AI Glossary
The complete dictionary of Artificial Intelligence
Poisoning attack
Attack technique where malicious data is injected into the training set to degrade model performance or introduce specific vulnerabilities.
Backdoor injection
Method consisting of inserting specific triggers into training data to create latent malicious behavior that activates only in the presence of these triggers.
Label flipping attack
Poisoning strategy where the attacker intentionally modifies the labels of training data to mislead the model and compromise its classification accuracy.
Causal poisoning attack
Sophisticated poisoning approach that manipulates causal relationships between features to targetedly influence the model's predictions.
Robustness defense
Set of techniques aiming to make AI models resistant to poisoning attacks by limiting the impact of malicious data on learning.

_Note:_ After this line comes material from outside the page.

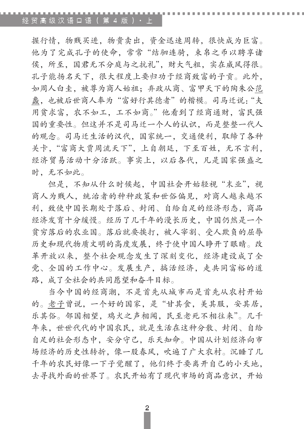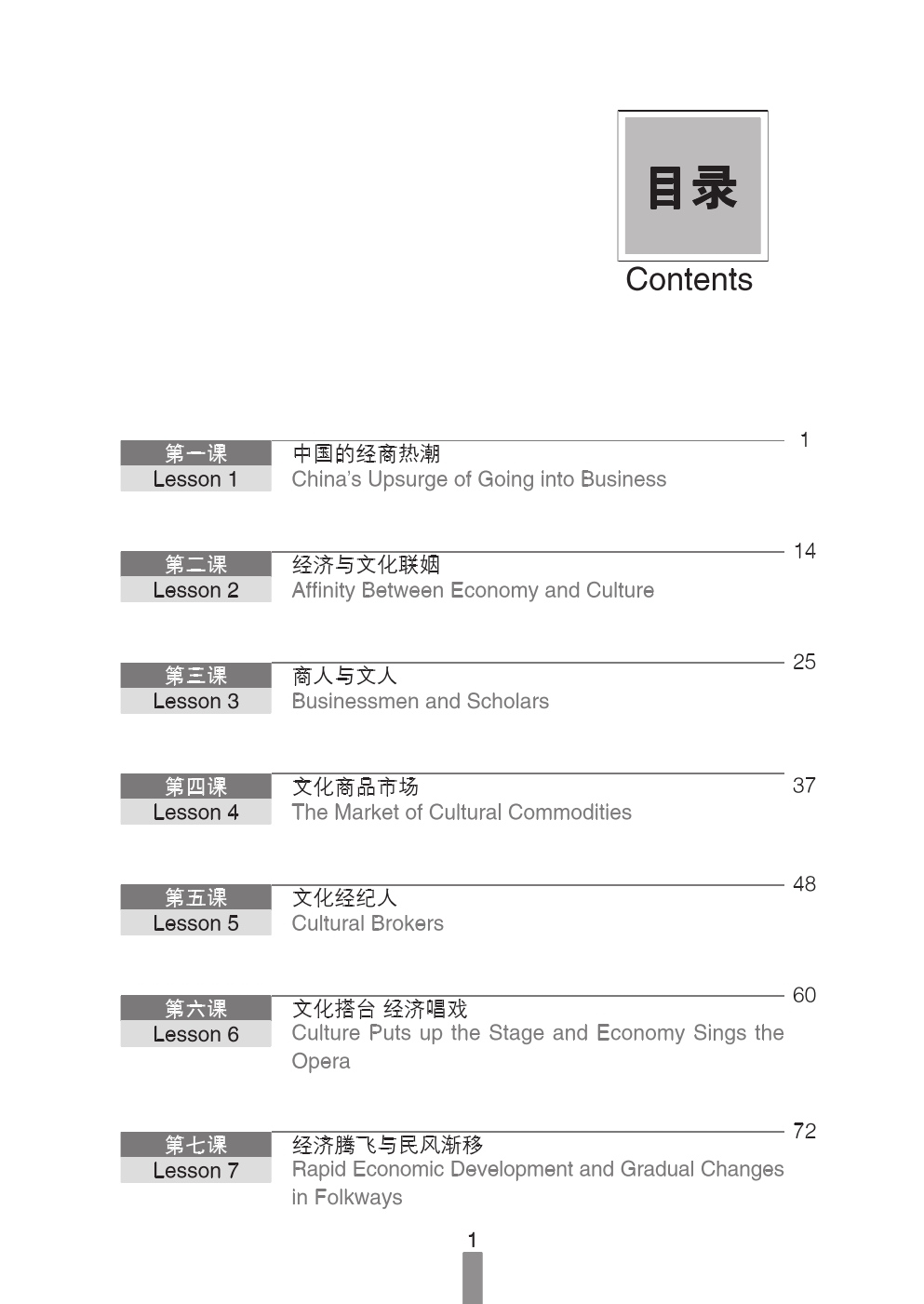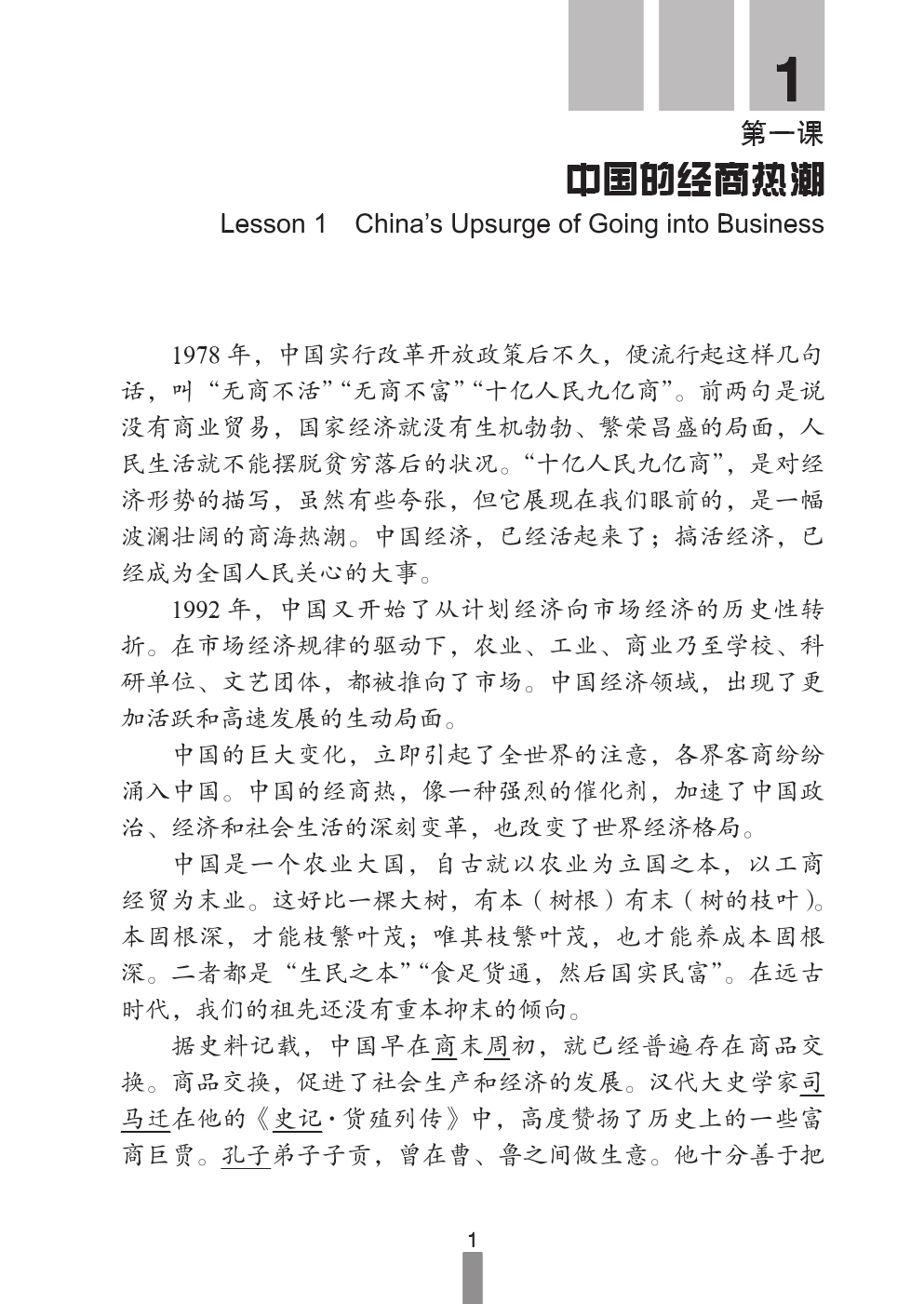 This is a business Chinese textbook for foreigners learning Chinese, suitable for international students of advanced Chinese language programs and third-year (or above) undergraduates studying at Chinese universities. It is also suitable for students with equivalent Chinese proficiency in Chinese training classes or universities in countries other than China. It is composed of 15 lessons. Every lesson or every two lessons comprise one topic, covering the major areas that foreign businessmen take their business activities in China: China’s economic situations, investment environment, investment strategy, business management, human resources, market research, marketing strategy, international trade, and corporate culture. Each lesson comprises five units, namely intensive reading, reading, writing, interactive activities, and comprehensive exercises, which improve students’ proficiency in business Chinese from listening, speaking, reading, and writing perspectives and enhance their understanding of China’s economy and trade.

Training anomaly detection
Process of identifying and eliminating abnormal or potentially malicious data points in the training set before or during learning.
Robust cross-validation
Enhanced validation technique that evaluates model stability across different data partitions to detect potential malicious contamination.
Learning with noisy data
Learning paradigm designed to maintain optimal performance despite the presence of corrupted or intentionally modified data in the training set.
Dataset Purification
Systematic process of cleaning training data to identify and eliminate potentially poisoned samples before model training.
Certifiable Model
AI model architecture capable of providing mathematical guarantees on its resistance to poisoning attacks under defined conditions.

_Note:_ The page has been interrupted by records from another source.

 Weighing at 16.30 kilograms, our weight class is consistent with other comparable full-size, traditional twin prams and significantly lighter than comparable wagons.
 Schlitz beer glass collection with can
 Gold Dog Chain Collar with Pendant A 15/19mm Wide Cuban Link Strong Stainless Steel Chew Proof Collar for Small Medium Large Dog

Induced Overfitting Attack
Poisoning technique that forces the model to overlearn specific patterns introduced by the attacker, compromising its generalization capability.
Filtering Defense
Protection mechanism that applies statistical or heuristic filters to eliminate suspicious data before their integration into the learning process.
Targeted Poisoning
Poisoning attack designed to specifically compromise predictions for certain classes or particular inputs while preserving overall performance.
Indiscriminate Poisoning
Attack aiming to globally degrade model performance without specific targeting, often by introducing systematic noise into training data.
Incremental Retraining Defense
Protection strategy that continuously updates the model with new validated data while monitoring performance drifts that may indicate poisoning.
Inverse Backpropagation Attack
Advanced technique where the attacker calculates the optimal modifications to apply to training data to maximize impact on the final model weights.
External validation defense
A protection approach that uses independent and uncompromised validation sets to detect performance degradations caused by poisoning.